Your goal => Every record should be copied exactly, except that pictures are to be omitted.

Dataset excerpts =>

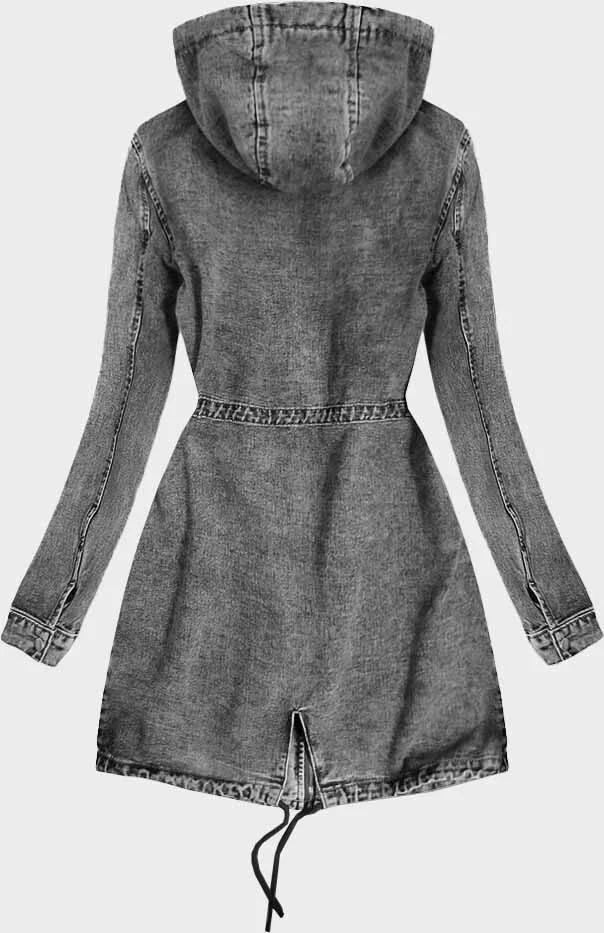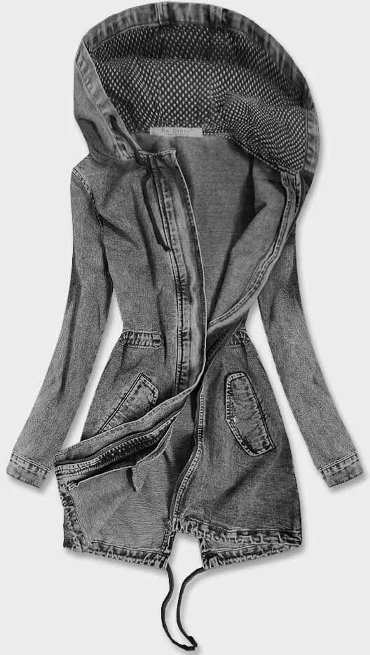 Dlouhá černá dámská džínová bunda s kapucí model 18242897 - Re-Dress
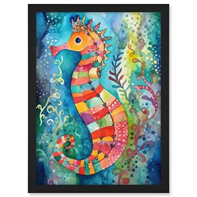 Artery8 Seahorse In Aquatic Plants Folk Art Artwork Framed A3 Wall Print
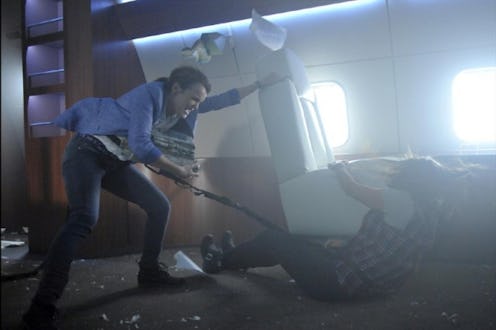 Fitz and Simmons irradiate the device, blasting a hole in the side of the Bus. This, along with running out of ginger ale or complimentary headphones, is one of the very worst things that can happen to a plane. The good guys successfully fight off the bad guys, some of whom get sucked out of cabin, as May reclaims control of the cockpit. Skye resourcefully seals the hole by inflating the on-board life raft.
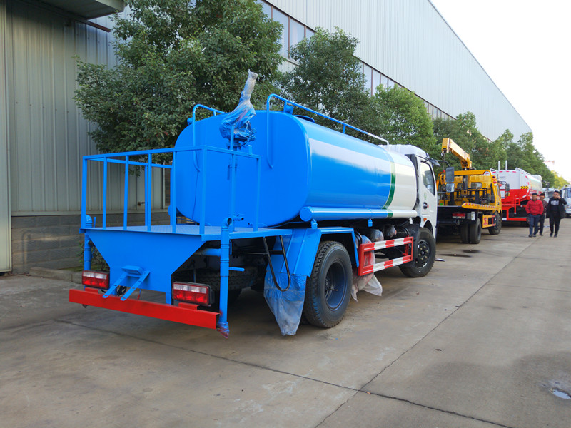 罐體用4MM碳鋼板制作,罐內隔板具有防波作用,以減低汽車行駛時罐體液體的沖擊。整車帶一個專用灑水泵(垂直吸程6米),灑水寬度14米,射程28米。多功能灑水車配備2個前沖(噴)(能將路面泥巴、塵土、垃圾沖干凈);2個后灑(能均勻地將水灑在路面,一次灑水寬度14米)、2個側噴(花灑)(能均勻地將路旁綠化帶澆灌)、帶1個后工作平臺,平臺上安裝1個綠化灑水高炮(灑水炮可全方位旋轉,可連續調成直沖狀、大雨、小雨、毛毛雨,霧狀可調節沖洗高大樹木),引水時間<5min,流量90m3/h。帶1個消防接頭,帶1個自流閥,1個過濾裝置、人性化爬梯及側防護欄,安裝灑水音樂喇叭。
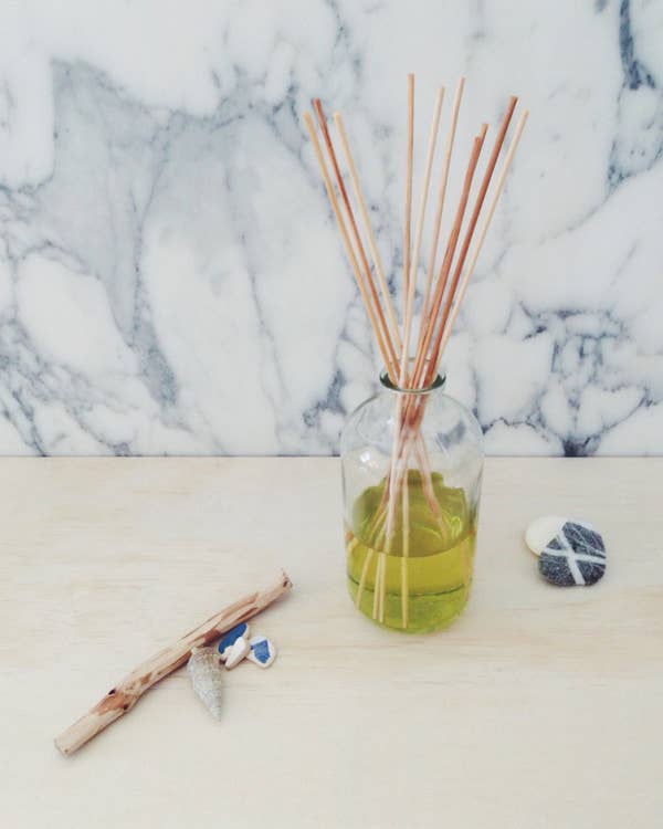 You don’t need fancy equipment for a room diffuser. Pour some baby oil into a small vase, mix in a few drops of your preferred essential oils, and place rattan reeds inside. The oil mixture travels up the reeds, releasing a gentle fragrance without heat or flame — a safer, longer-lasting alternative to candles.

Written solution =>
 Dlouhá černá dámská džínová bunda s kapucí model 18242897 - Re-Dress
 Artery8 Seahorse In Aquatic Plants Folk Art Artwork Framed A3 Wall Print
 Fitz and Simmons irradiate the device, blasting a hole in the side of the Bus. This, along with running out of ginger ale or complimentary headphones, is one of the very worst things that can happen to a plane. The good guys successfully fight off the bad guys, some of whom get sucked out of cabin, as May reclaims control of the cockpit. Skye resourcefully seals the hole by inflating the on-board life raft.
 罐體用4MM碳鋼板制作,罐內隔板具有防波作用,以減低汽車行駛時罐體液體的沖擊。整車帶一個專用灑水泵(垂直吸程6米),灑水寬度14米,射程28米。多功能灑水車配備2個前沖(噴)(能將路面泥巴、塵土、垃圾沖干凈);2個后灑(能均勻地將水灑在路面,一次灑水寬度14米)、2個側噴(花灑)(能均勻地將路旁綠化帶澆灌)、帶1個后工作平臺,平臺上安裝1個綠化灑水高炮(灑水炮可全方位旋轉,可連續調成直沖狀、大雨、小雨、毛毛雨,霧狀可調節沖洗高大樹木),引水時間<5min,流量90m3/h。帶1個消防接頭,帶1個自流閥,1個過濾裝置、人性化爬梯及側防護欄,安裝灑水音樂喇叭。
 You don’t need fancy equipment for a room diffuser. Pour some baby oil into a small vase, mix in a few drops of your preferred essential oils, and place rattan reeds inside. The oil mixture travels up the reeds, releasing a gentle fragrance without heat or flame — a safer, longer-lasting alternative to candles.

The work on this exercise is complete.